Tindak pidana gratifikasi dan pencucian uang (TPPU) dengan terdakwa Abdul Latif, mantan Bupati Hulu Sungai Tengah (HST), kembali digelar di Pengadilan Tindak Pidana Korupsi (Korupsi), Rabu (13/6/2023) siang.
Kali ini, Jaksa Penuntut Umum (jaksa) KPK menghadirkan sejumlah saksi untuk dimintai keterangan terkait akuisisi aset yang dimiliki terdakwa Abdul Latif.
Salah satu saksi Hendra Saputra mengatakan, pada 2017 pernah bertemu dengan terdakwa saat negosiasi pembelian 7 unit. mixer (peralatan pemuatan atau pengaduk semen untuk truk pengaduk).
Saksi yang saat itu bekerja sebagai sales manager di perusahaan komponen dan attachment alat berat di Jakarta mengatakan, 7 unit mixer yang dibeli terdakwa akan dipasang di truk Hino milik PT Subriwa Agung.
“Harganya Rp 200.200.000 saja kalau pakai truk Hino, total sekitar 1,4 miliar,” kata saksi.
Sementara itu, diketahui 7 truk Hino senilai Rp 2,25 miliar yang dibeli terdakwa pada 2017 telah disita penyidik KPK karena diduga uang pembelian tersebut berasal dari hasil korupsi.

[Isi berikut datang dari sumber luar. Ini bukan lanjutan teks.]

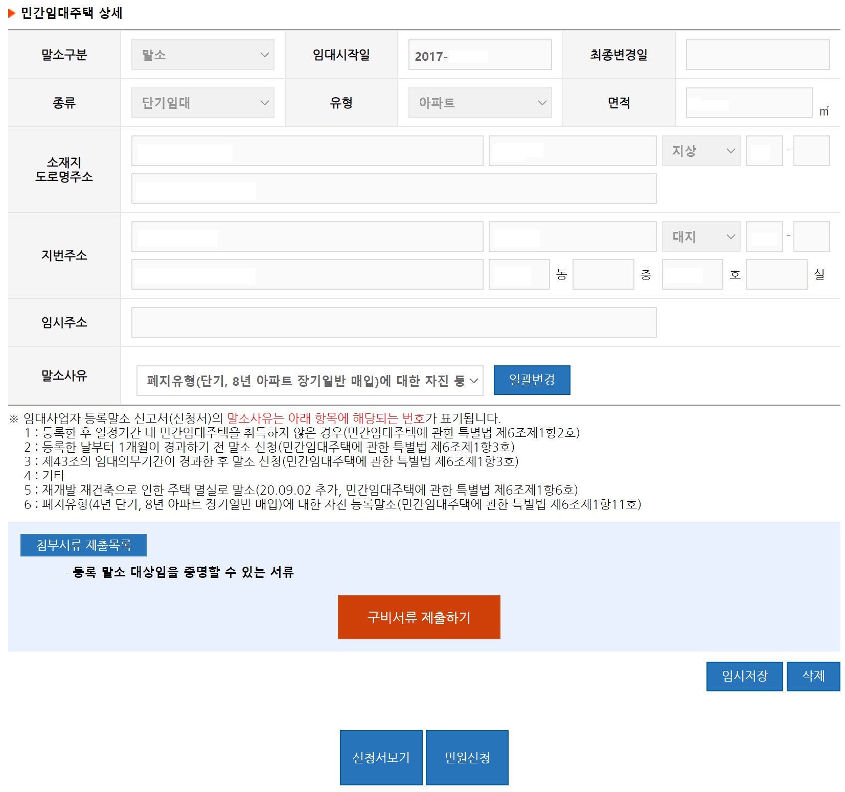 임시저장 후 구비서류 제출하기를 선택합니다. 임대주택 등록 말소를 위한 필수 구비서류는 임대사업자 자발적 말소 신청에 따른 임차인 동의서 이며, 해당 양식에 대한 임차인 서명 후 제출하면 됩니다.

Kemudian persidangan juga mengungkap barang bukti berupa dua buah sepeda motor gede (Moge) Harley Davidson (HD) yang dibeli terdakwa pada tahun 2017 lalu.

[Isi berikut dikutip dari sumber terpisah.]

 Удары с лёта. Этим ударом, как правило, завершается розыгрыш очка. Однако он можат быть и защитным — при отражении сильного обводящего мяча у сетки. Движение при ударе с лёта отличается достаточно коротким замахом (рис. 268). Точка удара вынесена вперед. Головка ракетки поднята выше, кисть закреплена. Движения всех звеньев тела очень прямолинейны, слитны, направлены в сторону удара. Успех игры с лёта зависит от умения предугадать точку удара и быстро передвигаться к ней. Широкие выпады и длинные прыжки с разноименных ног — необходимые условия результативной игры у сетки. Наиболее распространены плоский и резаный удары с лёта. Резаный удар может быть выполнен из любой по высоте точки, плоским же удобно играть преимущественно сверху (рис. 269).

Pertama, sepeda motor Harley Davidson warna putih yang dibeli dari saksi Agung yang tidak diperiksa di persidangan karena saksi tidak bisa dihadirkan jaksa ke ruang sidang atau secara daring dari gedung KPK.

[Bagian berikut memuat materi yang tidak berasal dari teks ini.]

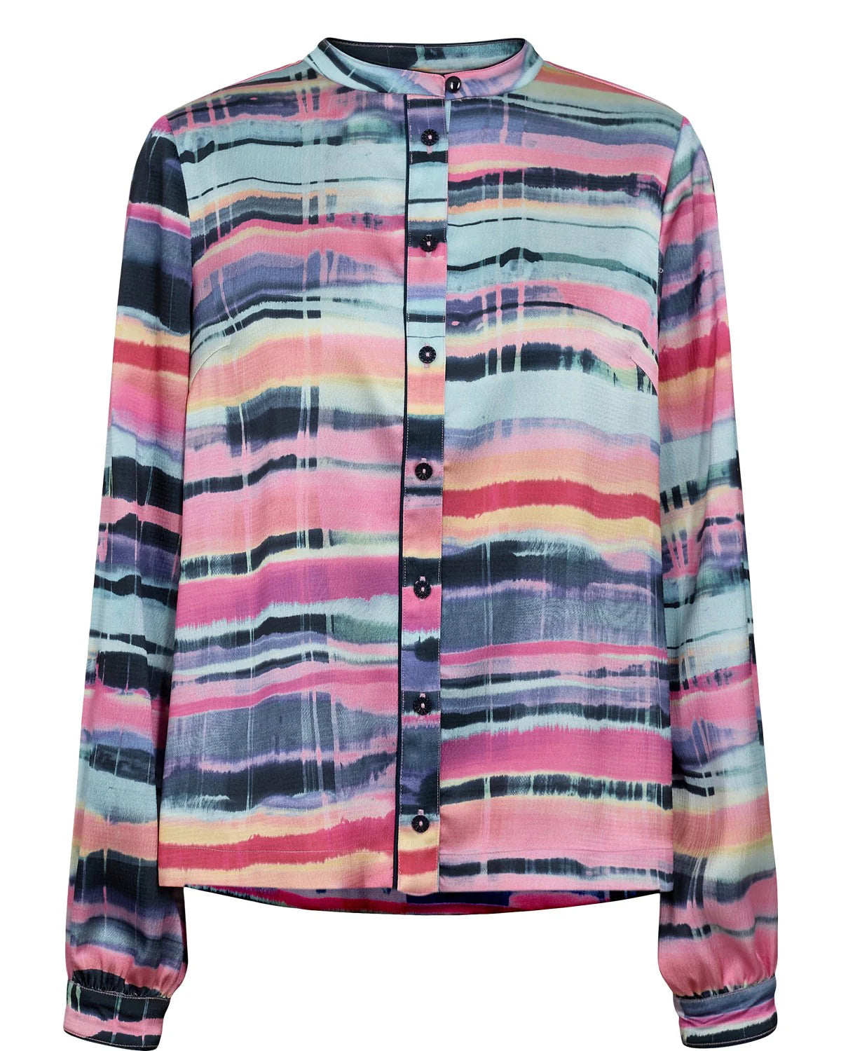Farverig skjorte fra altid skønne Nümph. Skjorten er gennemknappet med kinakrave og gennemgående farverigt mønster.

Dalam persidangan, JPU juga menghadirkan saksi Joni Rahmat, seorang direktur perusahaan importir motor besar Harley Davidson. Joni diperiksa sebagai pihak yang menjual sepeda motor produksi Amerika Serikat kepada saksi Agung pada 2013 sebelum menjualnya kembali kepada terdakwa pada 2017.
Kemudian masih pada tahun 2017, terdakwa membeli motor Harley Davidson tipe FLSTF-FATBOY kedua melalui perusahaan PT Anak Elang Motorindo di Jakarta.
“Kami menawar Rp 773 juta, tergugat minta diskon Rp 70 juta, jadi kesepakatannya Rp 703 juta,” kata saksi Reza Andriano, karyawan perusahaan.
Suasana ruang sidang sempat memanas ketika pengacara terdakwa, Oc Kaligis, memprotes pertanyaan yang diajukan jaksa KPK kepada saksi.
Beberapa kali pengacara senior menginterupsi persidangan karena pertanyaan JPU kepada saksi dianggap tidak relevan dan di luar pengetahuan saksi.
Abdul Latif sebelumnya didakwa melakukan tindak pidana gratifikasi dan pencucian uang (TPPU) senilai Rp 41 miliar saat menjabat sebagai Bupati HST 2016-2017.
Jaksa KPK dijerat dengan pasal berlapis, yakni Pasal 12B juncto Pasal 18 Undang-Undang Nomor 20 Tahun 2001 tentang perubahan atas Undang-Undang Nomor 31 Tahun 1999 tentang Tindak Pidana Korupsi.
Kemudian Pasal 3 Undang-Undang Nomor 8 Tahun 2010 tentang Pemberantasan Tindak Pidana Pencucian Uang (TPPU) juncto Pasal 65 Ayat (1) KUHP.